Как гиены, прибежавшие на падаль, появились работники с пилами и косолапо обошли его со всех сторон, поплевывая на ладони. Собралась вся больница в ожидании расправы над деревом. Поспешность, с какой стараются схоронить труп, выдает в людях ненужную деятельность, которая могла бы быть направлена на более полезное дело. Загипнотизированные сотней глаз, уставившихся на них из окон, работники отступили, как линчеватели при появлении шерифа, и не осмелились у всех на виду пилить дерево.
Наступил вечер. По парку разлились синие сумерки, располагающие к мечтательности. Зажегся фисташковый рожок, нежно осветив стеклянную зелень, светящуюся прозрачной мозаикой, делая ее сомнамбулически-карнавальной. Светляки бриллиантами и топазами замелькали вокруг рожка, и тем зловещее и темнее становилась густота темнеющих аллей, навевая фантастические миражи.
А клен все лежал в луже с прибитыми гроздьями, чернел поникшей кроной. Его кудри окутывал холод. Над ним сгущалась ночь.

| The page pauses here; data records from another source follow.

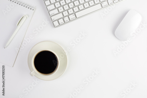Top view of keyboard, computer mouse, blank notebook with pen, cup of coffee on white background
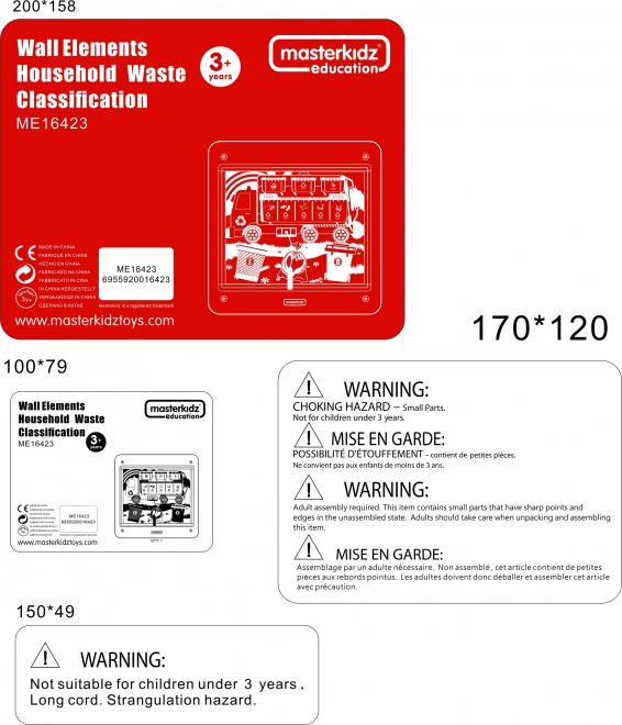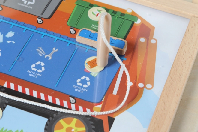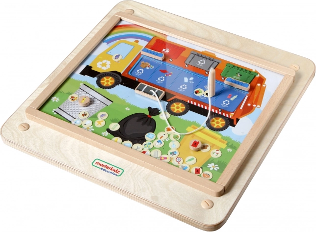 Interactief houten bord van Masterkidz leert kinderen op speelse wijze afval scheiden, geïnspireerd door de Montessori-methode. Met behulp van een magnetische/bedienings-‘tool’ verplaatst het kind afvalpictogrammen naar de juiste gekleurde containers op een bord met een vuilniswagen. Het stimuleert fijne motoriek, oog-handcoördinatie, concentratie en milieubewustzijn. Te gebruiken aan de muur in een frame of los op tafel of vloer.
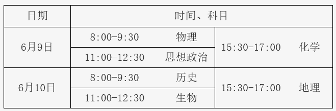 北京密云2021年普通高中學業(yè)水平等級性考試時間安排在2021年6月9日-6月10日期間舉行,具體時間及科目安排如下表:
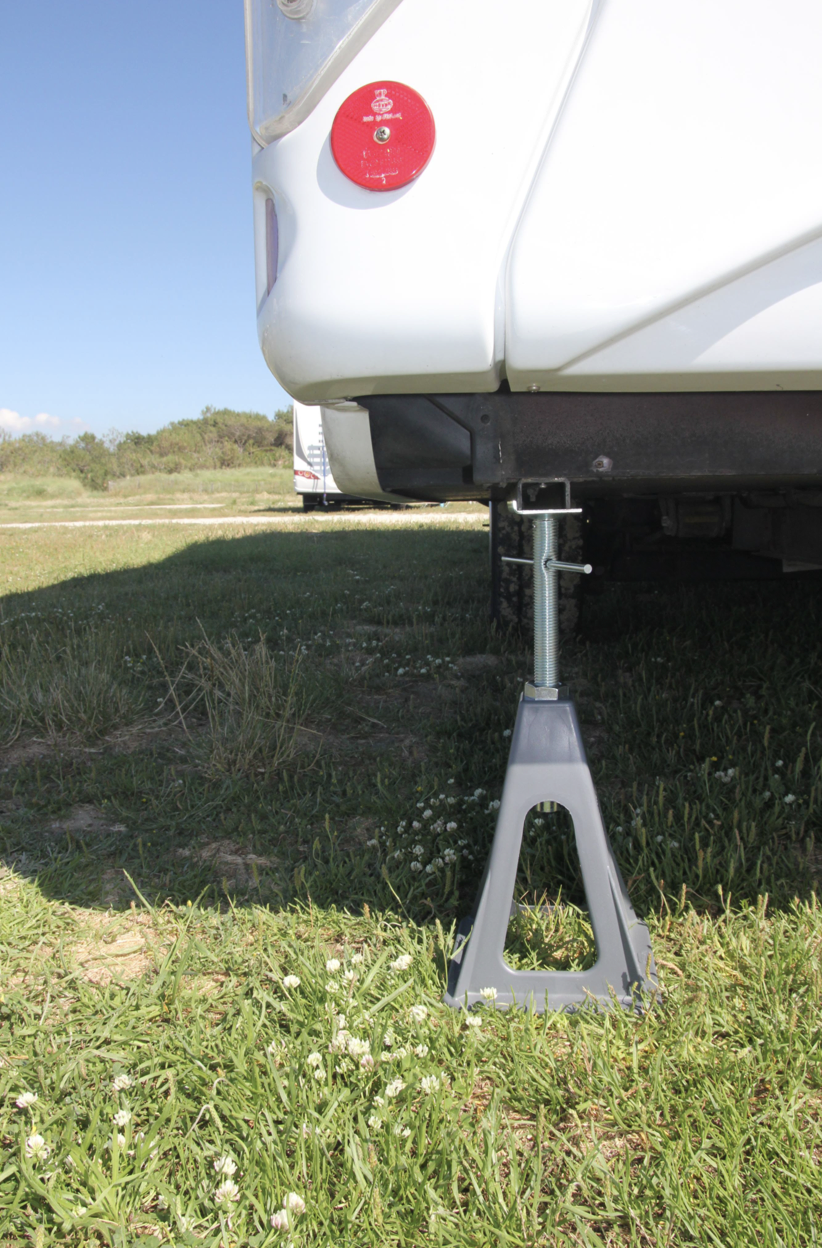 Du kan selvsagt gå for gull, og velge et hydraulisk drevet støttebeinsystem som automatisk kan posisjonere bilen i vater. Det finnes gode løsninger fra blant andre E&P Hydraulics og AL-KO, men de koster - og de veier en del. Langt enklere og rimeligere er støttebukker. Du kan spanderer du på deg fire av disse for godt under tusenlappen. Typisk maksimal belastning er 1000 kg per bukk, og det bør holde for de fleste bobiler..
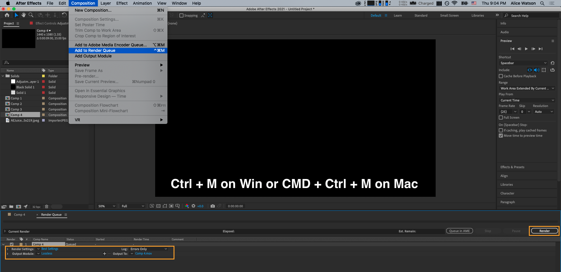 Here is how to create a new composition and import files in Adobe After Effects:

Так внезапно постигает человека удар судьбы.
Маленькая фантазия
Однажды, слоняясь бездомным по улицам старого города, я увидел чудо. Была глубокая осень. Воздух был сырым и холодным, но свежим и отрезвляющим. Проведя много часов на ногах, я выбился из сил, и если б не музыка, постоянно звучавшая в голове и облегчавшая мою участь, то я давно свалился бы в изнеможении. В гостиницу меня не пустили, несмотря на то что вся гостиница была свободная. Без специальных телефонных звонков и рекомендаций даже в гостиницу не попадешь.
Музыка придавала мне сил, и от этого вырастали крылья, уносившие в неведомые миры райских ощущений и освобождавшие от бремени жизни. Город был старинный, дворянских построек еще не коснулась рука Корбюзье: разрушительная сила современной архитектуры не дошла сюда. Среди серых мрачных казарменных построек стоял нарядный красный особняк в два этажа с уютно горящими окнами, украшенными белым лепным орнаментом в барочном стиле.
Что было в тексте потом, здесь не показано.